B-Tree Index Structure (Simplified)

Databases typically use B-tree indexes:

                     [H]
                   /       \
               [D]            [M]
             /     \       /        \
        [A,B,C]   [E,F,G] [I,J,K,L] [N,O,P]

Finding 'K' requires only 3 comparisons instead of scanning all letters.

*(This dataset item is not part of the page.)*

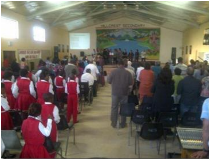
Ons was betrokke by verskeie interkerklike gebedsaksies soos Nations impact en Global day of prayer.

Measuring Index Performance

def demonstrate_index_performance():
    """Show difference between indexed and non-indexed queries"""
    import time

    # Query WITHOUT index
    start = time.time()
    result = query_db("SELECT * FROM posts WHERE title LIKE '%Python%'")
    without_index = time.time() - start

    # Create index
    execute_db("CREATE INDEX IF NOT EXISTS idx_posts_title ON posts(title)")

    # Query WITH index
    start = time.time()
    result = query_db("SELECT * FROM posts WHERE title LIKE '%Python%'")
    with_index = time.time() - start

    print(f"Without index: {without_index*1000:.2f}ms")
    print(f"With index: {with_index*1000:.2f}ms")
    print(f"Improvement: {(without_index/with_index):.1f}x faster")

Query Execution Plans

Use EXPLAIN QUERY PLAN to see how SQLite executes queries:

def analyse_query_plan():
    """Check if query uses indexes"""
    query = "SELECT * FROM users WHERE username = 'alice'"

    # Get execution plan
    plan = query_db(f"EXPLAIN QUERY PLAN {query}")

    for step in plan:
        print(dict(step))

    # Without index: SCAN TABLE users
    # With index: SEARCH TABLE users USING INDEX idx_users_username

Composite Indexes

Indexes on multiple columns for complex queries:

-- Composite index on user_id and created_at
CREATE INDEX idx_posts_user_date ON posts(user_id, created_at);

-- This query benefits from composite index
SELECT * FROM posts 
WHERE user_id = 5 
ORDER BY created_at DESC;

Column Order Matters:

-- ✅ Good: Index can be used for both conditions
CREATE INDEX idx_posts_user_date ON posts(user_id, created_at);
SELECT * FROM posts WHERE user_id = 5 AND created_at > '2025-01-01';

-- ❌ Less optimal: Index only helps with created_at
CREATE INDEX idx_posts_date_user ON posts(created_at, user_id);
SELECT * FROM posts WHERE user_id = 5;  -- Can't use index efficiently

Rule of thumb: Put the most selective (unique) column first, and columns used in equality tests before range tests.

Index Trade-offs

flowchart LR
    A[Add Index] --> B[Benefits]
    A --> C[Costs]

    B --> B1[Faster SELECT]
    B --> B2[Faster WHERE]
    B --> B3[Faster JOIN]
    B --> B4[Faster ORDER BY]

    C --> C1[Slower INSERT]
    C --> C2[Slower UPDATE]
    C --> C3[Slower DELETE]
    C --> C4[More disk space]

    style A fill:#9370DB,stroke:#333
    style B fill:#9f9,stroke:#333
    style C fill:#ff6b6b,stroke:#333

When indexes hurt performance:

# If you have index on 'status' column
# But status only has values: 'active', 'inactive'
# Index doesn't help much because:
# - Low cardinality (only 2 unique values)
# - Database still needs to read ~50% of rows
# - Index maintenance overhead not worth it

# Better: Don't index low-cardinality columns

Shell Scripts for Database Management

Why Shell Scripts?

Shell scripts automate repetitive database administration tasks. Instead of manually running backup commands daily, create a script that runs automatically.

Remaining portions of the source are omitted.